• ASSIGNED TASK
A faithful copy of all the data is required; pictures should not be included.

• COLLECTED DATA
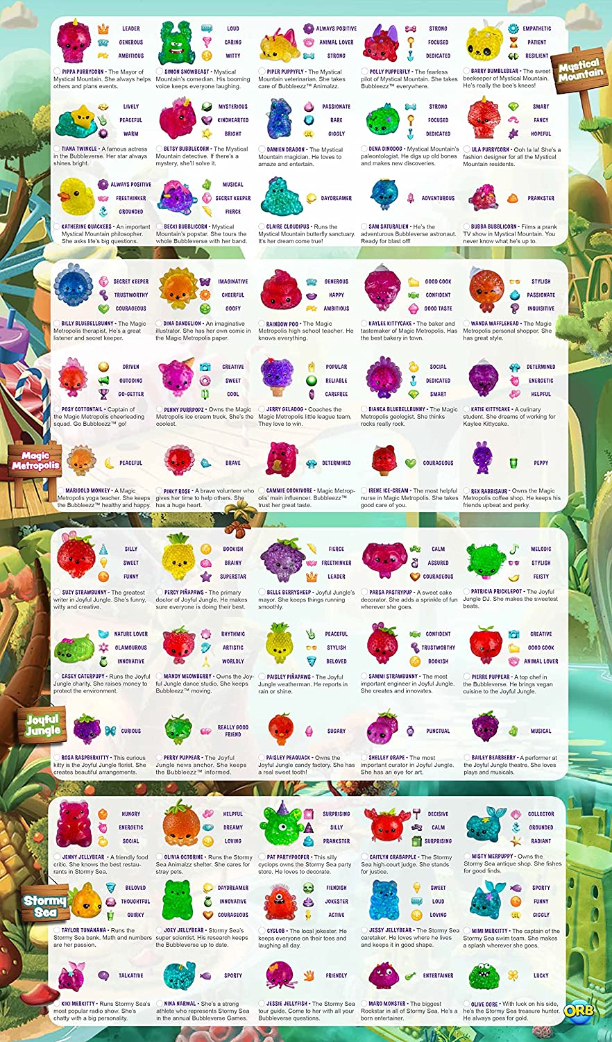 Bubbleezz live in a squeezy world of wonder and fun called the Bubbleverse. Each Bubbleezz contain charms and secret messages that are clues to their unique personalities. These cute character combos are full of surprise and come in hundreds of shapes and sizes.
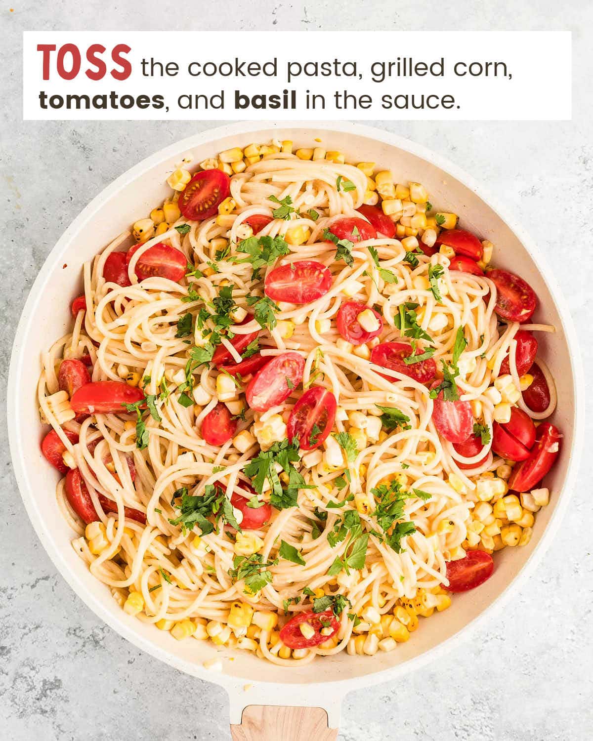 - Combine the cooked pasta, grilled corn, tomatoes, and fresh basil to the skillet. Toss gently to coat everything in the sauce. Serve warm or chilled.
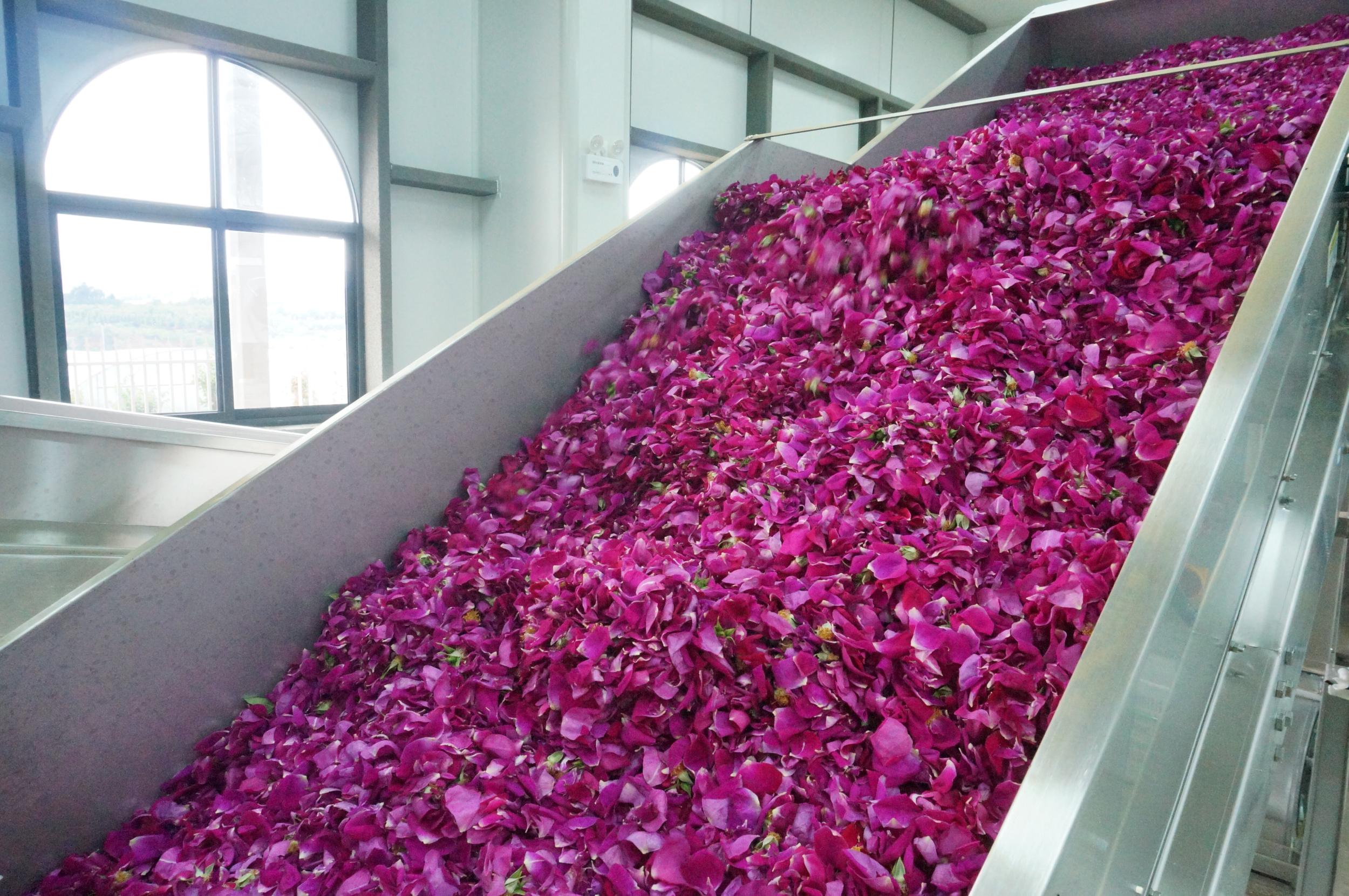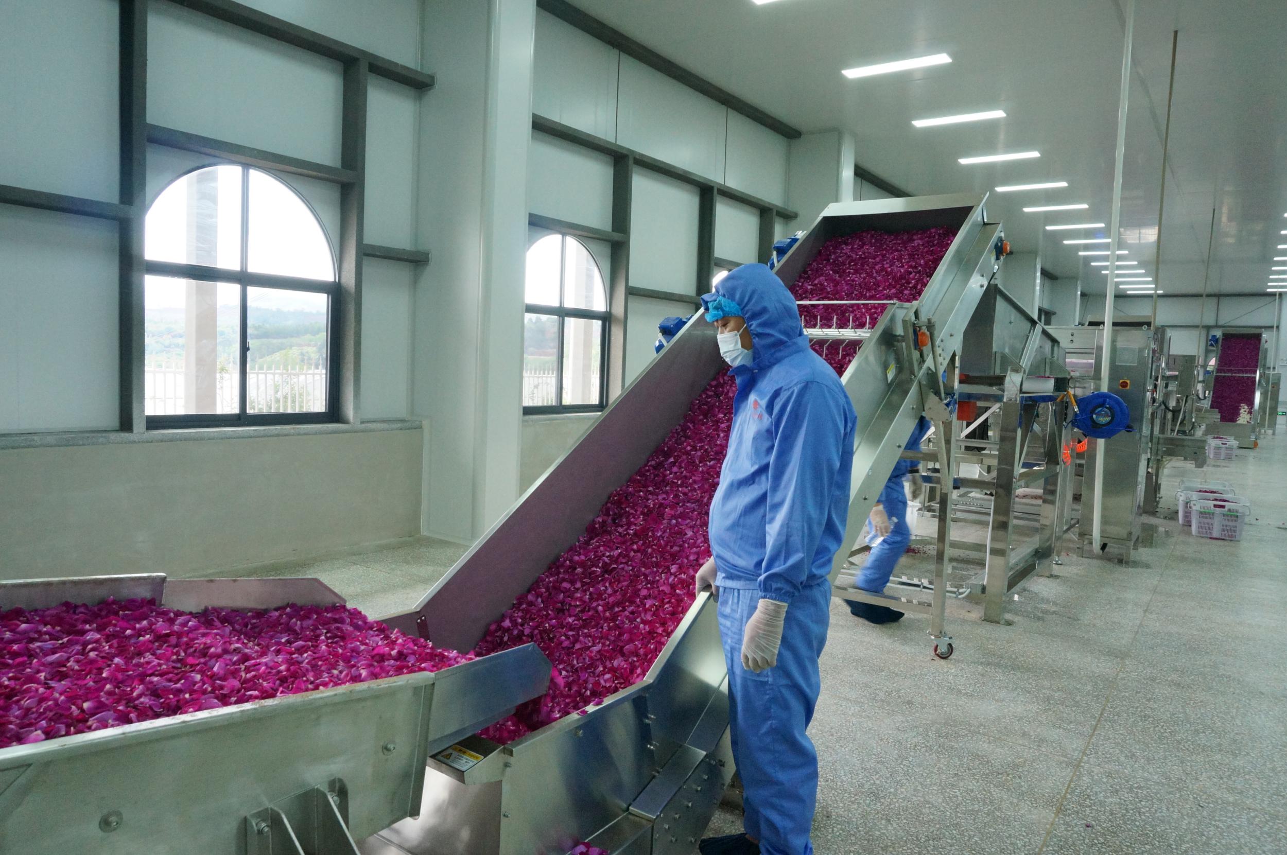 “多年来,合作社带领农户发展玫瑰种植,推动‘种植+加工+销售’一体化发展。色选厂投产后,将进一步完善产业链、提升产品附加值,带动更多农户增收致富。”弥勒市绳武产业发展有限公司负责人、黑桥哨信创种植专业合作社社员王涛介绍。该全自动加工生产线实现了对玫瑰花瓣色泽、形状、新鲜度等多维度的精准判断与分类,项目投产后每小时可色选500至700公斤鲜花,主要用于制作鲜花饼,玫瑰酱,玫瑰醋等系列产品。

• TASK ANSWER
 Bubbleezz live in a squeezy world of wonder and fun called the Bubbleverse. Each Bubbleezz contain charms and secret messages that are clues to their unique personalities. These cute character combos are full of surprise and come in hundreds of shapes and sizes.
 - Combine the cooked pasta, grilled corn, tomatoes, and fresh basil to the skillet. Toss gently to coat everything in the sauce. Serve warm or chilled.
 “多年来,合作社带领农户发展玫瑰种植,推动‘种植+加工+销售’一体化发展。色选厂投产后,将进一步完善产业链、提升产品附加值,带动更多农户增收致富。”弥勒市绳武产业发展有限公司负责人、黑桥哨信创种植专业合作社社员王涛介绍。该全自动加工生产线实现了对玫瑰花瓣色泽、形状、新鲜度等多维度的精准判断与分类,项目投产后每小时可色选500至700公斤鲜花,主要用于制作鲜花饼,玫瑰酱,玫瑰醋等系列产品。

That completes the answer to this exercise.